199 mastery that allegedly obliterates the uncanny through the procedure of “reality testing” produces an uncanny remainder that persists in an unlocalizable, free-floating form. In this reading, the extension of scientific mastery over material reality does not expel the uncanny, as Freud claims, but paradoxically produces it as a by-product; hence Freud’s difficulty in containing the uncanny by subjecting to scientific scrutiny. Dolar notes that, prior to psychoanalysis, it was primarily in fiction that this uncanny made its most notable appearances: “Popular culture, always sensitive to such shifts, took successful hold of [the uncanny] – witness the immense popularity of Gothic fiction and its aftermath” (7). He takes as his model of the modern literary uncanny Frankenstein, noted by Suzanne Jill Levine as one of the more important of the panoply of models Bioy drew upon in the textual realm encompassing the fantastic, science fiction, Gothic fiction, and romance (Levine 17). By this account, Bioy’s novel and Freud’s essay, along with

Quiroga’s stories and the texts by Rank, Tausk, and Sachs discussed above, belong to a shared genealogy.

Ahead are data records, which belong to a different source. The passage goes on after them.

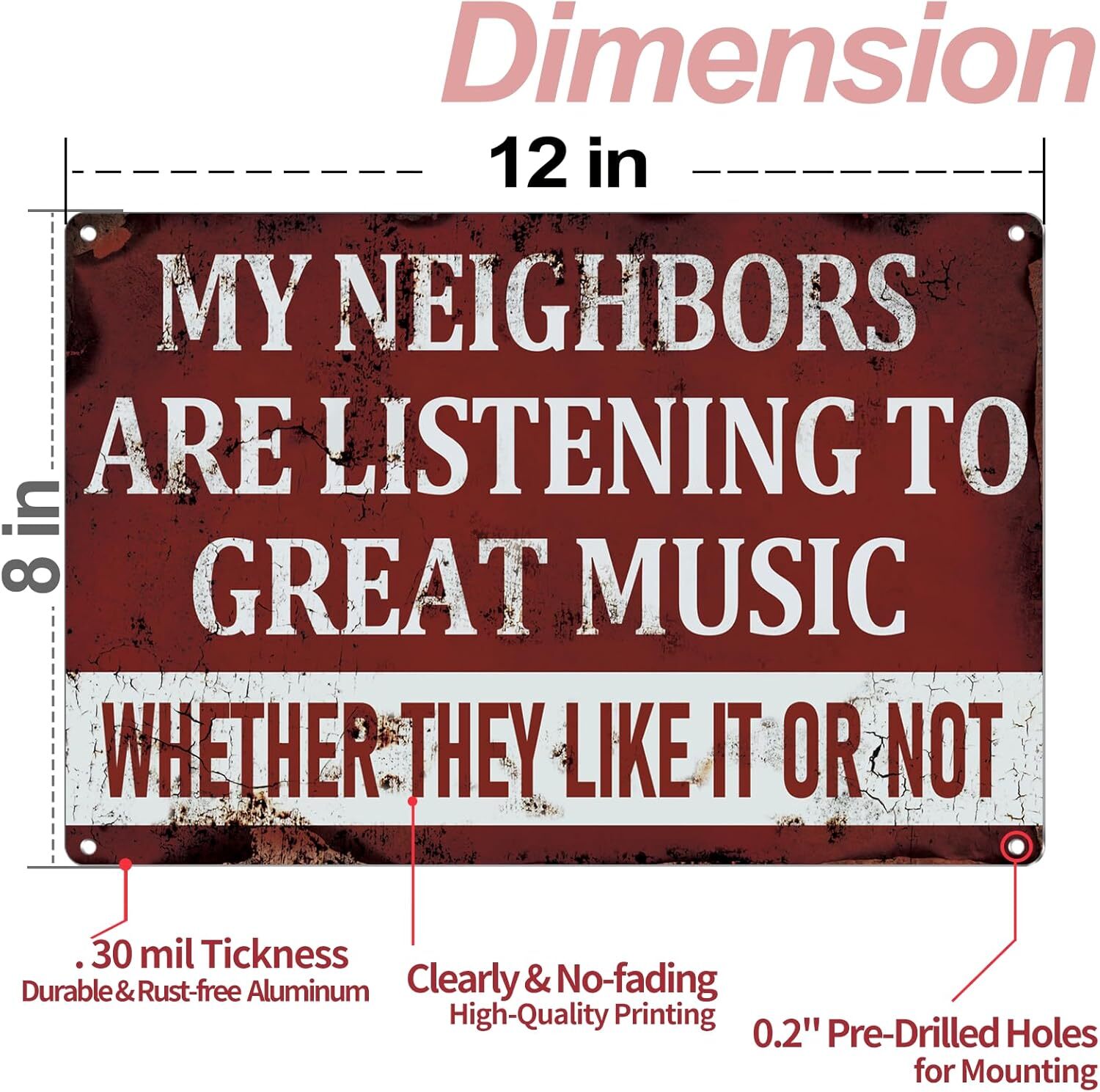 Man Cave Sign - 12 8 Garage Decor Signs- Funny 12 8 IN, NEIGHBOR-MUSIC
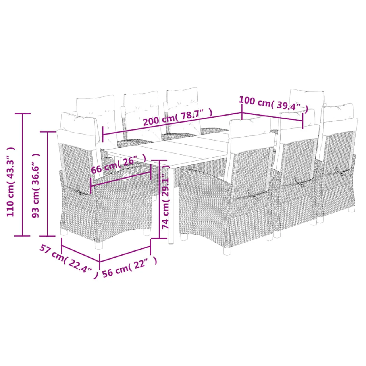 - Dimensions : 200 x 100 x 74 cm (L x l x H)
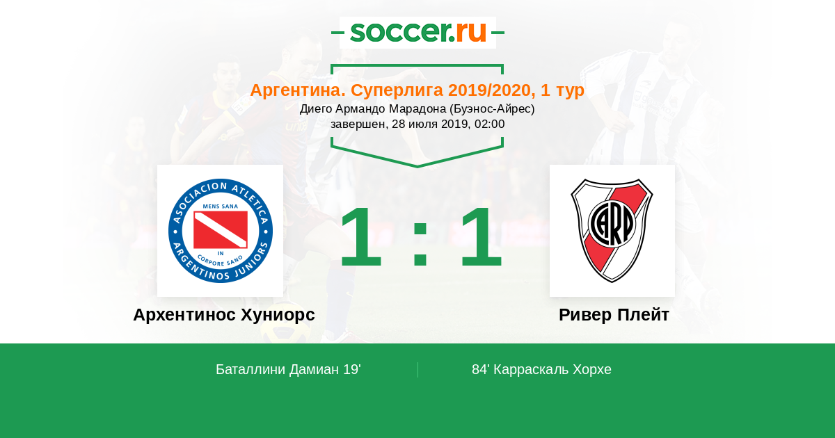Протокол матча Архентинос Хуниорс против Ривер Плейт
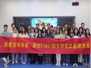 为了庆祝中国共产党成立100周年,深入学习贯彻习近平总书记重要讲话精神,积极引导当代青年从党的百年伟大奋斗历程中汲取不断前进的智慧和力量,应化T1801团支部于2021年5月21日在A座129教室开展百年党史宣讲大会。
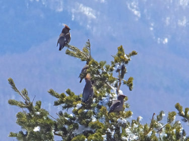 ホシガラスの群れかな?と思ったら、一回り小さい、キレンジャクでした。
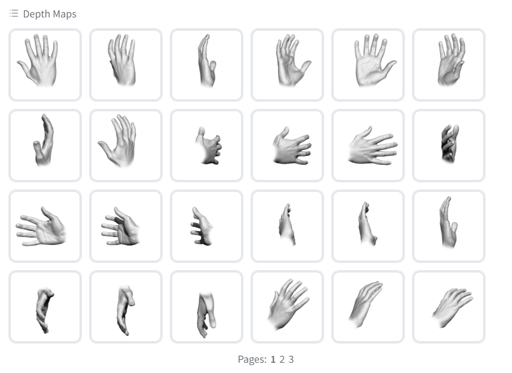 The images are originated from anatomy360.info Free Reference and all rights are reserved to their respective owners. Please support their site! What I did includes cutting each hand out and making the transparent background such that the images can be read by Depth Library and converted into depth maps by ControlNet. The editing was all done by hand and took quite a while to finish.
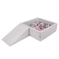 KiddyMoon Piankowy plac zabaw PPZP-KW30D-125 z piłeczkami Zabawka plac zabaw, jasnoszary: perła-szary-transparent-pudrowy róż

Several scholars whose work I have discussed advance arguments closely parallel to Dolar’s regarding the historicity of paranoia. For both David Trotter and Eric Santner, the modern emergence of paranoia proceeds from the drastic reordering of social structures and accompanying shifts in mechanisms of according and transmitting authority and legitimacy. In Santner’s analysis, both Schreber’s and Freud’s accounts of paranoia dramatize “a fundamental impasse in [the subject’s] capacity to metabolize [the] performative magic [of symbolic investiture], to be inducted into the normative space opened up by it” (206). Santner reads both Schreber’s Memoirs of my Nervous Illness and Freud’s case study on Schreber as responses to a “crisis of symbolic investiture” in

200 which the “social acts . . . whereby an individual is endowed with a new social status and a role within a shared linguistic universe” (Santner, “States” 205) cease to function effectively in the face of “a kind of uncanny surplus of power and influence secreted by

[the sites and resources of symbolic legitimation]” (61). In Trotter’s account, “[p]aranoia is a delusion of magical power” linked to the efforts of “upwardly mobile professional classes [seeking] for their expertise . . . the status of a ‘magical power’: a status previously or otherwise afforded to qualities such as wealth or warlike valor” (7-8).

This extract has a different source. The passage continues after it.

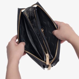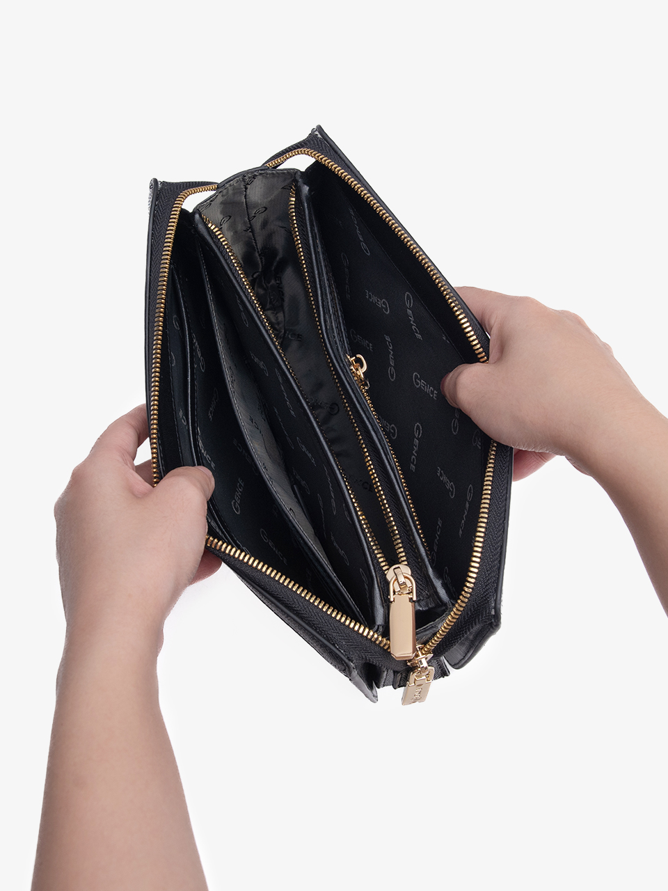 Ví được chia nhiều ngăn với khóa zip trong lồng với khóa ngoài độc đáo
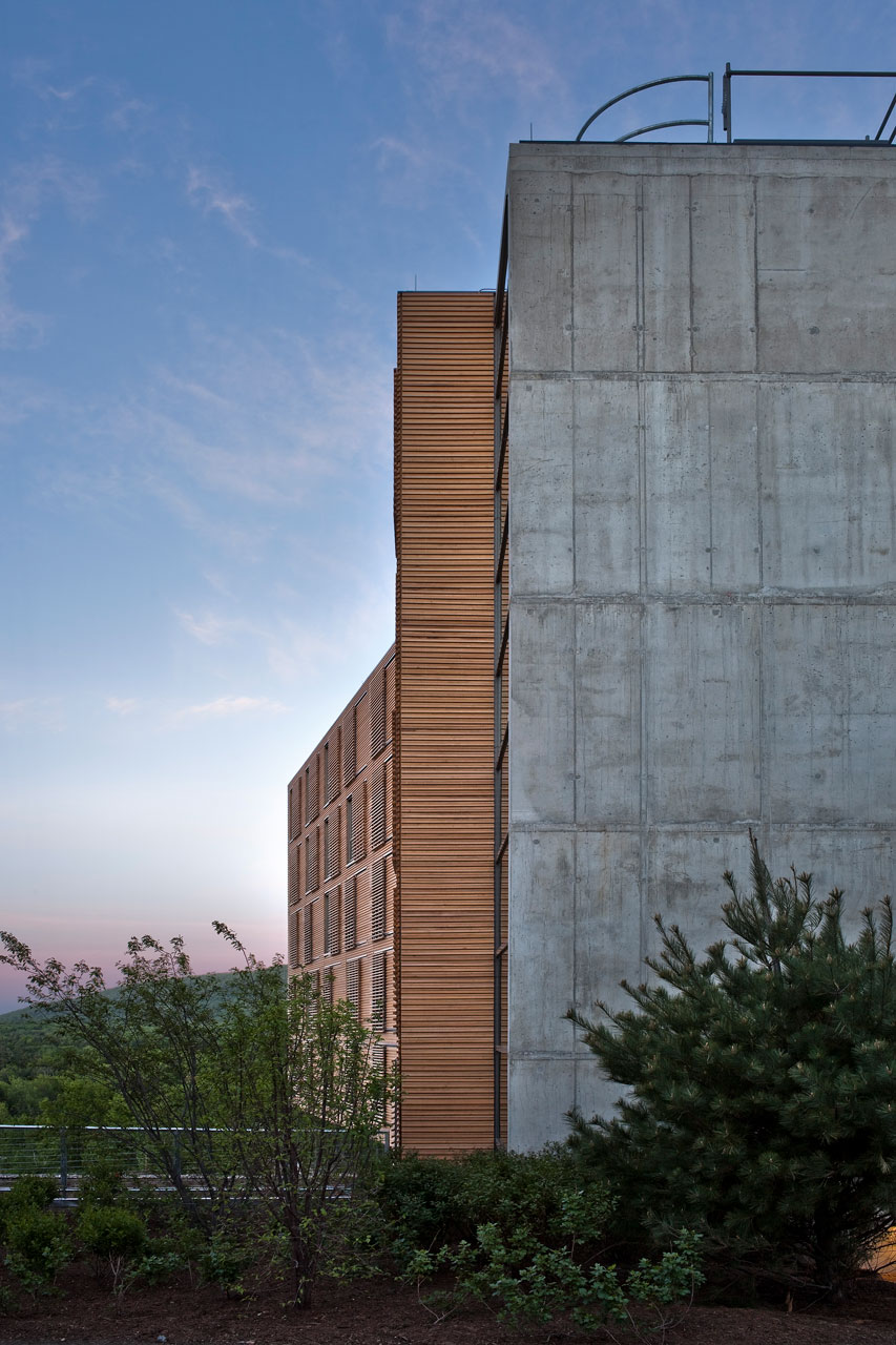 Ein ehemaliges Kloster wurde für das das neue Zentrum für Yoga und Gesundheit erweitert. Dieser Anbau verbindet das bestehende Erholungszentrum mit einem neuen Wohnkomplex. Durch die Nutzung von verschiebbaren externen Sonnenschutzelementen, einer Aktivierung der Betondecken zum Heizen und Kühlen, effektive Tageslichtnutzung sowie natürliche Belüftung etabliert sich das Kripalu Wohnhaus zu einem Eckpfeiler der Nachhaltigkeit. Ein verglaster, nach Süden ausgerichteter Korridor ermöglicht den Yogi auch bei kalten Wetterbedingungen einen warmen und hellen Durchgang zum Erholungszentrum. Die 80 Zimmer des Wohnhauses wurden an einem ökonomisch optimierten Grundriss ausgerichtet, wodurch das Gebäude in die Höhe anstatt in die Breite wächst.

These accounts suggest that paranoia comes to occupy a crucial place in the modern social imaginary in that it comprises a deliriously systematic response to the enigma presented by a regime of authority which has divested itself of the mystique by which it elicited effective consent. Just as, for Dolar, the uncanny comes into its own (in literature and beyond) when it loses its designated space in the sacred and becomes untethered from ordered systems of taboo and prohibition, the characteristically modern attempt to render social relations transparent produces the uncanny as an inevitable remainder. The paranoid elaboration of fantastic regimes of surveillance, persecution, and bodily invasion emerge as “substitute formations” giving form to this remainder and covering over its traumatic implications. The machines we have observed proliferating in the modern paranoid repertoire participate in the production of the broader crisis of authority in the invasive heteronomy they threaten as they simultaneously extend and decenter the subject’s mastery. For the same reason, they serve notably in the production of the “delusional metaphors” that furnish imaginary solutions to the traumatic impact of what Adriana Bergero calls the “profound identitary dislocations” (5) occasioned by modernization in Argentina: “Modernity . . . altered so many patterns of daily life that it

201 gave rise to perplexity, hilarity, and pain, but above all to excess: an excess of social interaction, uncontainable by traditional frames and boundaries” (Bergero 7). In the midst of a period of industrialization, vertiginous expansion of the mass media, and the drastic and wide-ranging shifts in structures of cultural authority and regimes of literary prestige these developments entailed, Bioy Casares places the drama of paranoid spectatorship at the center of an ironic revision of Latin American culture’s “master plot of futurity.”